The strong correlation between energy and \sigma_{r} indicates that the posterior geometry limits how well each Hamiltonian trajectories can explore \sigma_{r}. This is typically due to nasty correlations between \sigma_{r} and other parameters, and given the hierarchical structure immediate candidate would be a funnel geometry between \sigma_{r} and the \log d_{rt}.

“Reparameterization” is often thrown around as a cure-all without the necessary context. In the case of a hierarchical model with a normal population model the centered and non-centered parameterizations provide contrasting behaviors that can be useful in different circumstances. If you had a normal population model then yes a non-centered parameterization would be the worth checking.

The problem here is that while it may look like you have a normal population model for the \log d_{rt} you actually don’t because of the constraint. An interval censored normal model does not admit the same reparameterization options.

Zero-avoiding prior models should only ever be used if one has actual domain expertise that conflicts with values near zero. Otherwise one is just forcing larger heterogeneity than is actually consistent with he observed data.

Indeed. Though I’d argue that some useful generalization can be achieved through the heuristic that any parameter that serves the role (as in this case) of defining the magnitude of measurement noise should never have a peaked-at-zero prior because real-world measurements always have noise.
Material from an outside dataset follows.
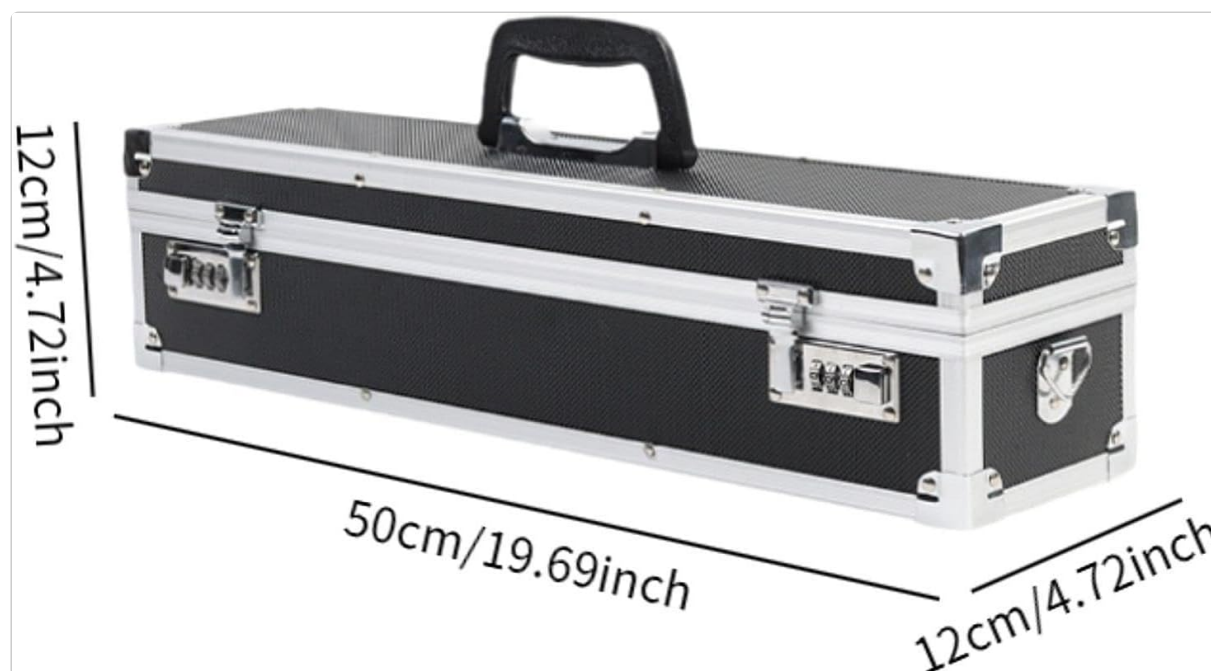
Figure 4: Product dimensions overview.

Actually, now that I think on it a moment, this may be a rare case where I disagree with @betanalpha! At least, I’m sure he’d agree with me that in the ideal the precise structure of all priors are well-informed by domain expertise. But absent that ideal, I’d assert that non-zero-peaked priors for variance terms should be a heuristic default and that zero-peaked are the ones that need specific justification from domain expertise.

Certainly any variance term intended to reflect the magnitude of measurement noise should be non-zero-centered (the world is noisy and our measurements moreso), and I think that even the variance terms describing variability not at the observation level but variability of latent quantities should also usually default to non-zero-peaked. At least in the domains I’m used to seeing these models (psychology, where it’s ridiculous to posit that an effect manifests equally among all people).

1 Like

If one can elicit a principled lower bound on the magnitude of the noise due to, for example, domain knowledge of the detectors then, sure, go for it. Without the explicit elicitation, however, one is vulnerable to unnecessarily excluding small but non-zero heterogeneities. The problem with a zero-avoiding prior is not the suppression of zero, it’s the suppression of model configurations near zero.

Can you give an example where you’ve encountered this? I’ve only ever experienced the pathology reported by OP related to zero-peaked priors on variances, and have a hard time imagining a scenario where, given reasonable weakly informed scale choice, non-zero-peaked priors for variances would yield misleading inference.